● THE PROBLEM
The full listing, word for word and free of images, is the expected result.
[DATASET EXCERPT — start]
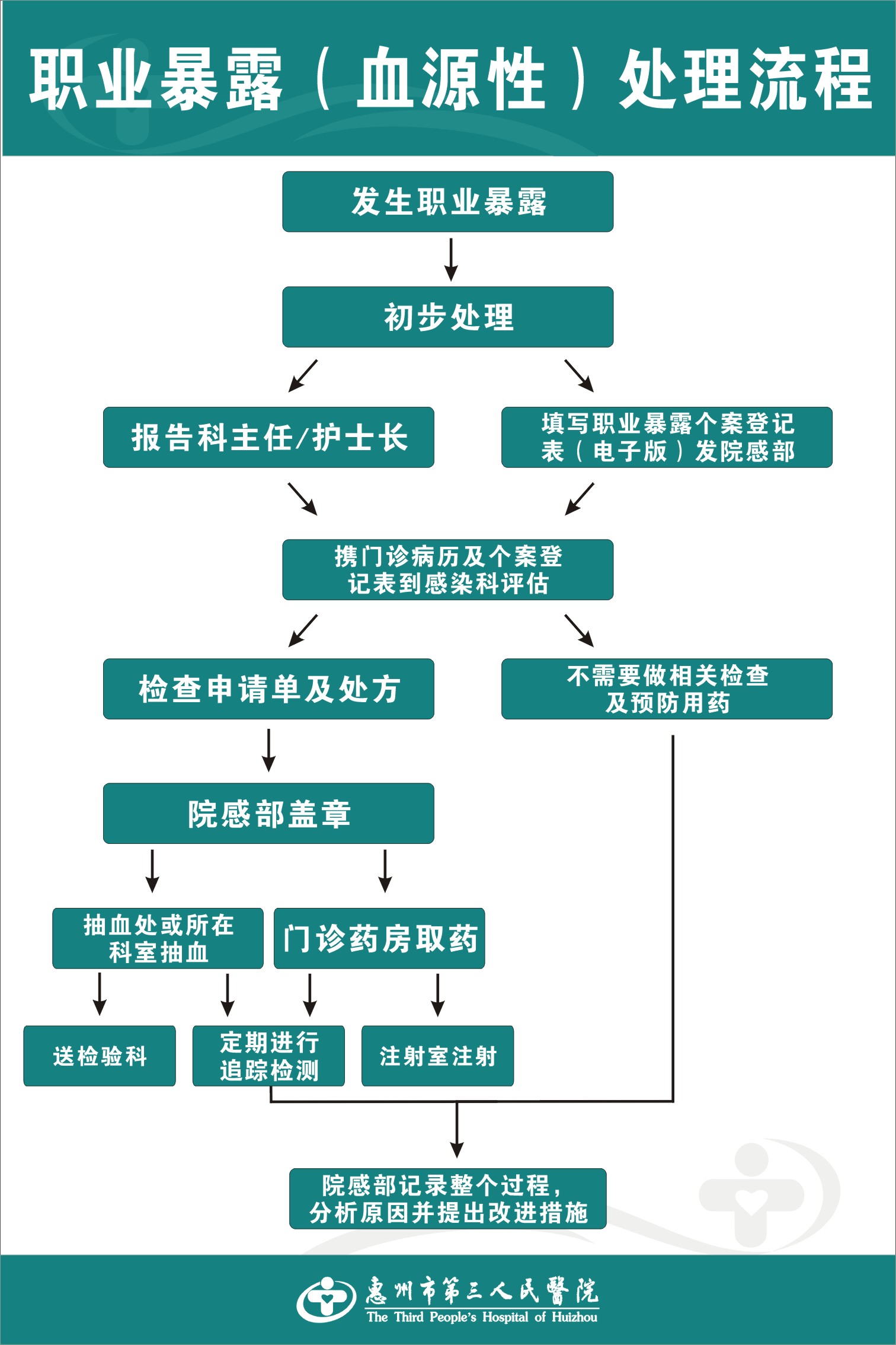 如何預(yù)防和處理職業(yè)暴露非常重要,特別是工作期間,正確掌握銳器傷HIV、HBV/HCV職業(yè)暴露處理流程擠壓傷口(傷口旁端輕輕擠壓)→肥皂水+流動(dòng)水反復(fù)沖洗(粘膜被污染時(shí),生理鹽水反復(fù)沖洗)→消毒(0.5%碘伏、75%酒精)→包扎→報(bào)告→相關(guān)抗體跟蹤檢測(cè)(接種疫苗或預(yù)防用藥,必要時(shí)評(píng)估)→心理干預(yù)。(綜合病區(qū) 陳貴發(fā))
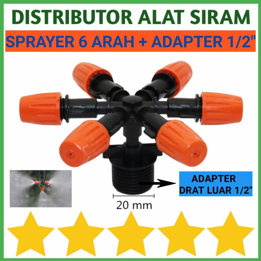 SPRAYER 6 WAY MIST NOZZLE ADJUSTABLE MISTING SPRINKLER + ADAPTER 1/2"
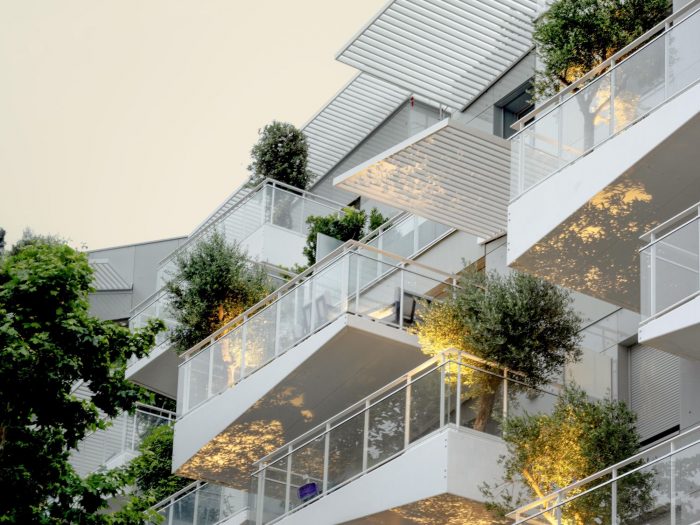 The advantages of these balconies go beyond their practical use; the play between their offsets and inversions and the combination of triangular prisms floating one above the other bring movement and lightness to the façade like a flight of birds.
[DATASET EXCERPT — finish]
● EXERCISE SOLUTION
 如何預(yù)防和處理職業(yè)暴露非常重要,特別是工作期間,正確掌握銳器傷HIV、HBV/HCV職業(yè)暴露處理流程擠壓傷口(傷口旁端輕輕擠壓)→肥皂水+流動(dòng)水反復(fù)沖洗(粘膜被污染時(shí),生理鹽水反復(fù)沖洗)→消毒(0.5%碘伏、75%酒精)→包扎→報(bào)告→相關(guān)抗體跟蹤檢測(cè)(接種疫苗或預(yù)防用藥,必要時(shí)評(píng)估)→心理干預(yù)。(綜合病區(qū) 陳貴發(fā))
 SPRAYER 6 WAY MIST NOZZLE ADJUSTABLE MISTING SPRINKLER + ADAPTER 1/2"
 The advantages of these balconies go beyond their practical use; the play between their offsets and inversions and the combination of triangular prisms floating one above the other bring movement and lightness to the façade like a flight of birds.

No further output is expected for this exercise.